EXCERPTED DATA:
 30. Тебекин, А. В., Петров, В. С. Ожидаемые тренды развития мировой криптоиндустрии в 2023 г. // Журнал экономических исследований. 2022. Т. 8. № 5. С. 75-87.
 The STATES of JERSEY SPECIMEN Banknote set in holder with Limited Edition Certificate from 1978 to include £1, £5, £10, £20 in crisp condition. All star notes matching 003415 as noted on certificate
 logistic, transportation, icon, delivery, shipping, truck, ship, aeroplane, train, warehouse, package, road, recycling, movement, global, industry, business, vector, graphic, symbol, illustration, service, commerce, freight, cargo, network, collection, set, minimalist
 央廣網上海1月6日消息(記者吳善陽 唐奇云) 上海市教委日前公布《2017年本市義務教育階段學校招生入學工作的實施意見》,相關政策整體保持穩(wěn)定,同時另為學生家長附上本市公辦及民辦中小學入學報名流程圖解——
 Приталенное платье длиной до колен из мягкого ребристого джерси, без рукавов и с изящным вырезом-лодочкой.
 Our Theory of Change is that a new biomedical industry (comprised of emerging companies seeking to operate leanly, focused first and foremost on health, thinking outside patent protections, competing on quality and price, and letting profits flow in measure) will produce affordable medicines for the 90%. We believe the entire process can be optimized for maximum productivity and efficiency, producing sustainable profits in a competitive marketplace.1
--
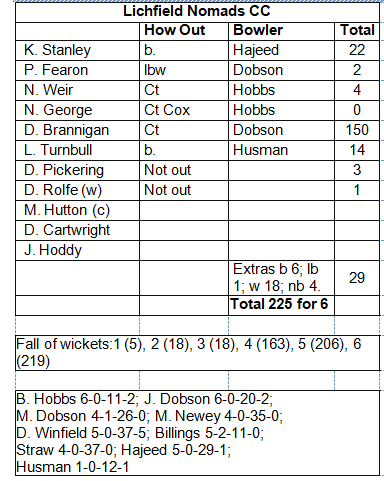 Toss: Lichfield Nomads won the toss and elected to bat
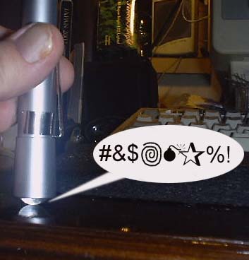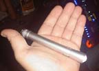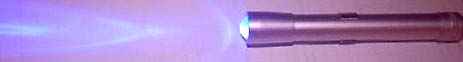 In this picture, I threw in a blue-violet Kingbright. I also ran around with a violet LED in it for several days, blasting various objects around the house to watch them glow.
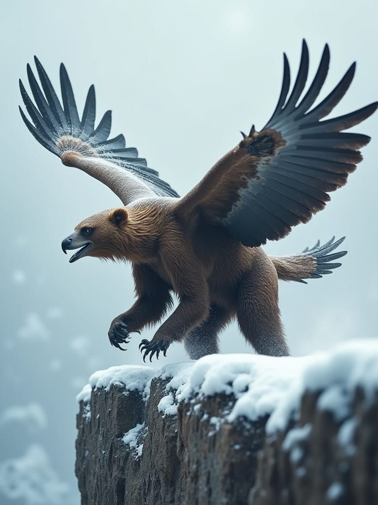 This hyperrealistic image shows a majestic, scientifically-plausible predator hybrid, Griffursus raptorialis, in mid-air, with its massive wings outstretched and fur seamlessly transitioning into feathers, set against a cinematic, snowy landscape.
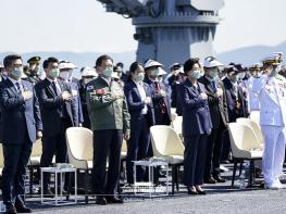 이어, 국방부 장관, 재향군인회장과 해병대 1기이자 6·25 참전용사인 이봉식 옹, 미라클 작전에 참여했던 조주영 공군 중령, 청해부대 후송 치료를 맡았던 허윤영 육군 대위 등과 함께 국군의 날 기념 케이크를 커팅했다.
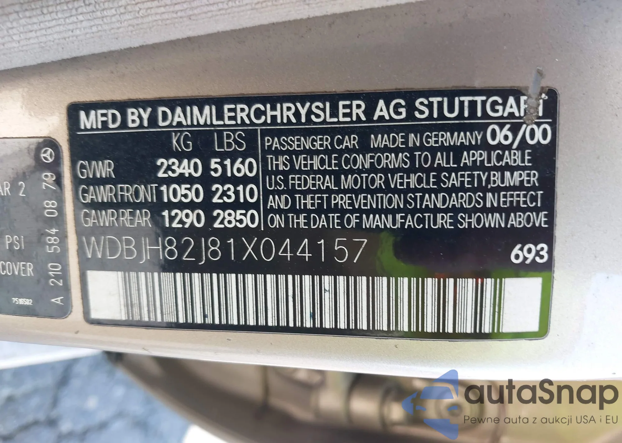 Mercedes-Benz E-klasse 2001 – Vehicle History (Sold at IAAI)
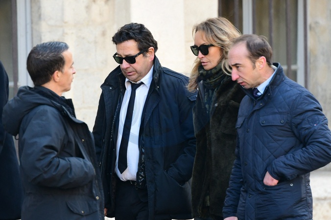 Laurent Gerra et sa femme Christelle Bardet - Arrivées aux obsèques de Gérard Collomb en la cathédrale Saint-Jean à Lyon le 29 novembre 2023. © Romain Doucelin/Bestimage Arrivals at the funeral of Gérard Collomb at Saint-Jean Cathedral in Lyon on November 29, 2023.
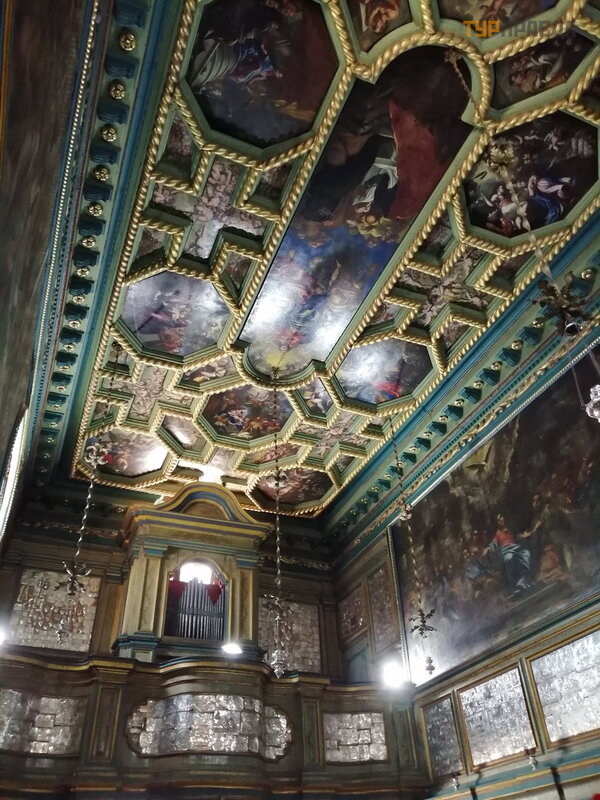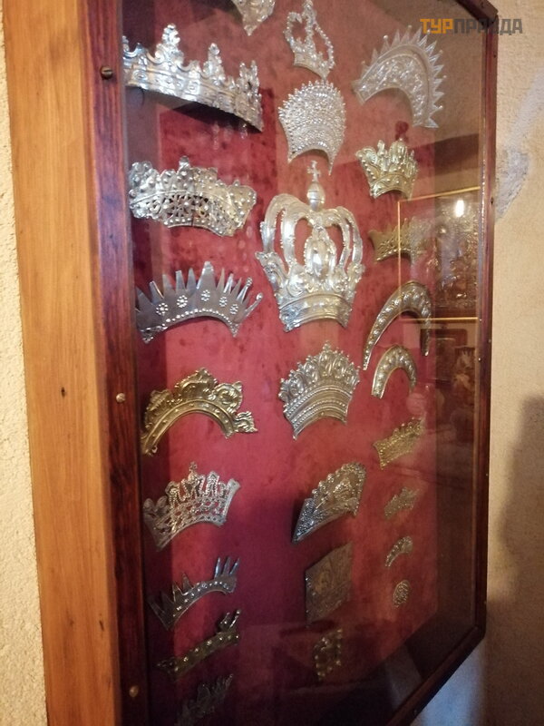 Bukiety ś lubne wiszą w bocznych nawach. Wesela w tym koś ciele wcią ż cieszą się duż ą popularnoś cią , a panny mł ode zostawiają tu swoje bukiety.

TASK GOAL:
Tally the lines in the data that contain the string "industry". Report only the total.

PROBLEM SOLUTION:
2